Lastly, we can also use **negative digits** as **indexes** when **slicing** or extracting **substrings**! What this does is it **parses** the characters **from the end**, not the beginning. Therefore, if we use **[-1]**, it will print the **_last_ character** of the **string**.

In [26]:
print(this_word[-1])

!


Now, going back to the **find()** function: what if the character we’re looking for is **NOT** in the substring? What the function will do is return **-1**. This is a **_constant_ return value** so we can use this as a checker through conditions!

In [6]:
if this_word.find("was") == -1:
   print("There’s no ‘was’ in the string!")

There’s no ‘was’ in the string!


Lastly, let’s proceed with string manipulation using the **replace()**, **strip()**, and **split()** functions! Again, the function names are self-explanatory so let’s dive right into examples!

Using **replace()**, we can replace all occurrences of **“this”** with **“that”** in the **this_word** variable by passing the substring to replace, and the **new substring** _inside_ the **parentheses** of the **replace()** function.

In [10]:
print(this_word.replace("this", "that")) 

that is a sentence. that is another sentence!


Now, if we want to make this change **permanent**, since strings are **immutable**, we need to **reassign** the **value** to the **this_word** variable.

In [11]:
print(this_word)
this_word = this_word.replace("this", "that")
print(this_word)

this is a sentence. this is another sentence!
that is a sentence. that is another sentence!


The **strip()** function, on the other hand, helps us get rid of **trailing characters** or **whitespaces** whenever needed! This is particularly useful for file operations, which we’ll get into in a minute. For example, we have a variable named line with a lot of trailing whitespaces.

In [12]:
line = "     XX  This is a sentence with unnecessary whitespaces. XX                  "
line = line.strip()
print(line)

XX  This is a sentence with unnecessary whitespaces. XX


By using **strip()** _without_ a **parameter**, we were able to get rid of the **trailing whitespaces**. Now, let’s **remove** the **“XX”** markings at the beginning and end of the string by passing it to the **strip()** function as a **parameter**!

In [13]:
line = line.strip("XX").strip()
print(line)

This is a sentence with unnecessary whitespaces.


Amazing, right? Lastly, we have the **split()** function. This converts the string into a list of strings based on the **separator value** we’re passing as a **parameter**. Therefore, if we use **“Hello Python”** as a string value, we can store each word in a list by using the **split()** function with the **space** serving as the **separator value**.

In [14]:
line = "Hello Python"
print(line.split(" "))

['Hello', 'Python']


And just like that, we learned how to do string manipulation using various built-in Python functions!

## File Operations

When we say **File I/O**, we’re referring to **file input and output** operations, meaning: you can **read and write files** in Python!
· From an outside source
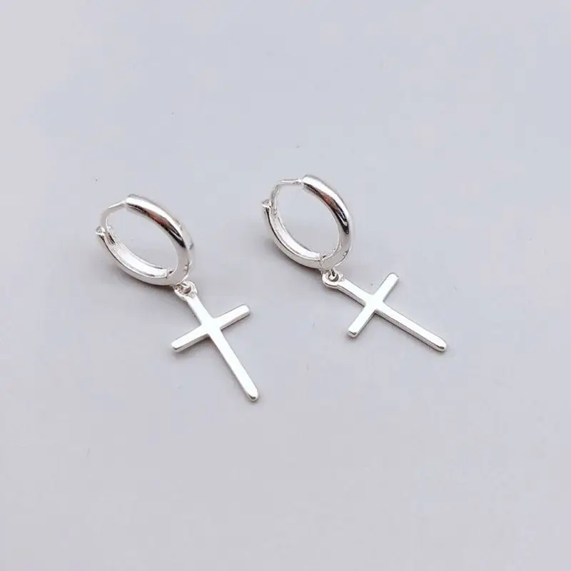 2021 новый простой дизайн личности Крест Huggie обруч Серебряная Се...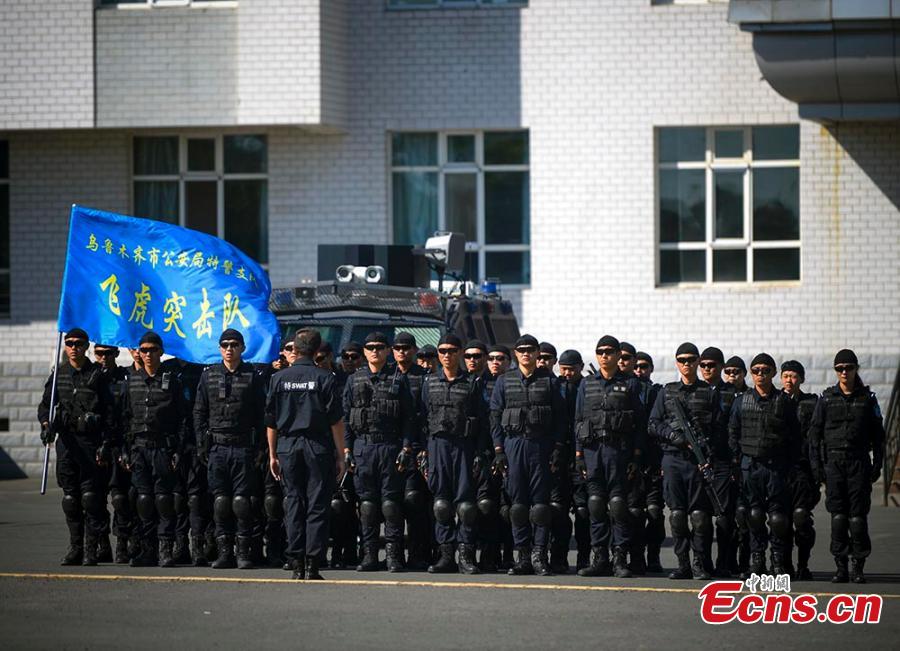 Members of the special police task force “Flying Tiger" train at a base in Urumqi city, capital of Northwest China’s Xinjiang Uygur autonomous region, May 21, 2015. The task force, which was established on May 22, 2010, has played an important role in counter-terrorism efforts and maintaining social stability, sources say. (Photo: China News Service/Liu Xin)

First, let’s walk you through the file opening concepts.

Python comes with **“access modes”** when it comes to opening files. These are denoted by **specific symbols** which needs to be passed along with the filepath when opening a file:
- The **read** mode, denoted by **‘r’**, which is the **default access mode** when opening files.
- The **write** mode, denoted by **‘w’**. which should let you **overwrite** the content of an existing file. 
  - Otherwise, it will **create a new file** for you if the **filepath** specified **does not exist**.
- The **append** mode, denoted by **‘a’**. which should let you add data to the file **without overwriting** its current content.
- The **‘r+’** and **‘a+’** access modes, which should let you **read and write** or **read and append** respectively.
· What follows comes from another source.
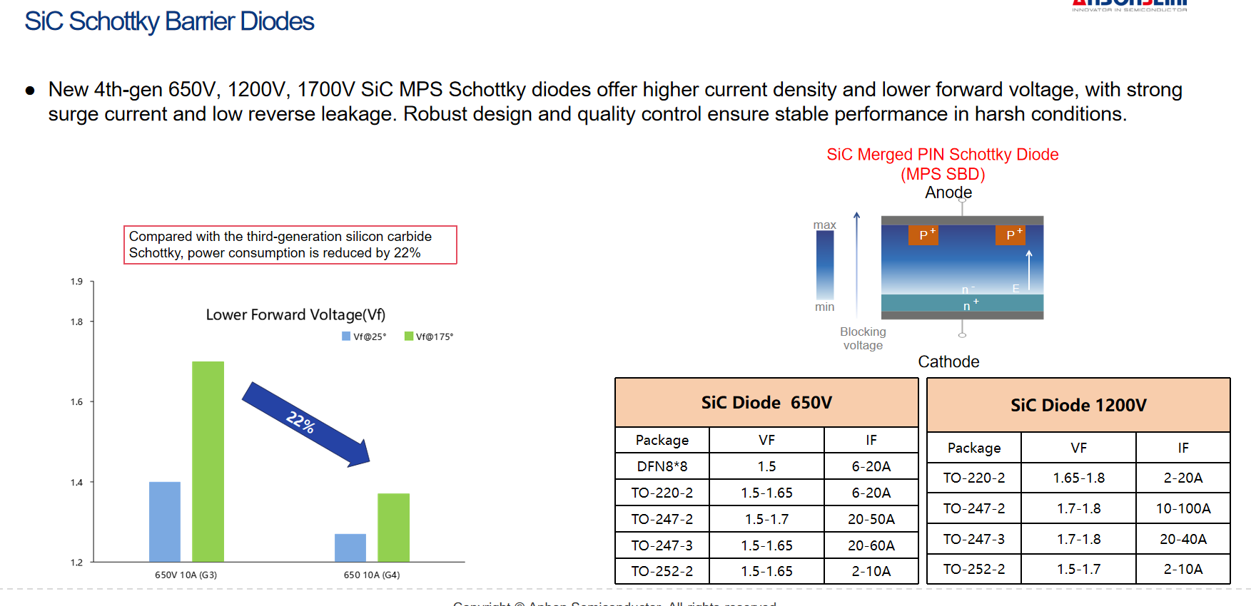 在碳化硅器件的产业化浪潮中,我们始终以技术突破回应市场需求。旗下第四代碳化硅 MPS 肖特基二极管(涵盖 650V、1200V、1700V 电压等级),正是碳化硅材料优势的典型载体 —— 通过先进薄片技术提升电流密度、降低导通损耗,结合抗浪涌技术增强工况适应性,为各领域客户提供兼具高效与可靠的功率解决方案。

To open a file in Python, we’ll use the syntax: **with open() as variable_name**. This takes care of **_safely_ opening and closing files** for you to **avoid corrupting** them in any way. Simply type in with open followed by an open and close parentheses and a colon. Inside the parentheses, you should specify the filepath or filename, optionally followed by the access mode. 
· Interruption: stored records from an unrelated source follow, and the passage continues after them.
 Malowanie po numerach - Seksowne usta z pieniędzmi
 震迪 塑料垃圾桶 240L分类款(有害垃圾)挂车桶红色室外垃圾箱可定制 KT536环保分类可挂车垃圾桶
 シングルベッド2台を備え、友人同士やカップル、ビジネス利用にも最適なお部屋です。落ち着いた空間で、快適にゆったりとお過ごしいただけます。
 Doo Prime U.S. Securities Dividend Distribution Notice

Now, let’s try to create our first file as an example! For the filename, let’s name it **“example.txt”**. For the access mode, let’s use the write mode. For the variable name, we’ll simply use file. Again, just like if-else statements, loops, and functions, be mindful of indentations!

For the content, let’s just add **“Hello World”** and **“Hello Python”**. There are two ways to do this:
- **write()** - This function is best used for **single line** values
- **writelines()** - This function is useful for **multiple line** values

In this case, since we have two lines to add, let’s use **writelines()**. We could declare each line simply by having it inside the parentheses, separated by commas. To spice things up a bit, let’s wrap this in a function named **file_writer** to make this file writer reusable!

In [15]:
def file_writer(filepath, lines_to_write):
    with open(filepath, 'w') as file:
        file.writelines(lines_to_write)


greetings = ["Hello World\n", "Hello Python\n"]
file_writer("example.txt", greetings)

For **\n**, it simply tells Python to create a **new line** at the end. Once we run your Python script, you should see a **new file** in the **same folder where this _.ipynb_ file is saved** named **“example.txt”**, containing:

>Hello World<br>Hello Python

Now, if we want to just add new data to an already existing file, we can use the **append** mode. For this, let’s create a function named **file_appender()**:

In [16]:
def file_appender(filepath, lines_to_write):
    with open(filepath, 'a') as file:
        file.writelines(lines_to_write)


farewell_greetings = ["Goodbye Friend\n", "Goodbye Python\n"]
file_appender("example.txt", farewell_greetings)

Once we save your Python script again and check **“example.txt”**, it should now contain:

>Hello World<br>
Hello Python<br>
Goodbye Friend<br>
Goodbye Python

Now, let’s proceed with **opening** and **reading** files. Python comes with three built-in functions to read files:
- **read()** - function simply extracts the entire content of the file
- **readline()** - function that only extracts one line from the file at a time
- **readlines()** - require the use of loops due to its nature; function that stores each line as an element of a list

> **NOTE:** The **readline()** and **readlines()** functions require the use of loops due to their nature.

Let’s try using the **readlines()** function to store **each line** into a **list**. For this, we don’t really need to pass an access mode anymore since the **read** mode is the **default access mode** of the **open()** function. This time, we’ll wrap the code in a new function named **file_reader()**.

In [17]:
def file_reader(filepath):
    with open(filepath) as file:
       return file.readlines()


line_list = file_reader("example.txt")
print(line_list)

['Hello World\n', 'Hello Python\n', 'Goodbye Friend\n', 'Goodbye Python\n']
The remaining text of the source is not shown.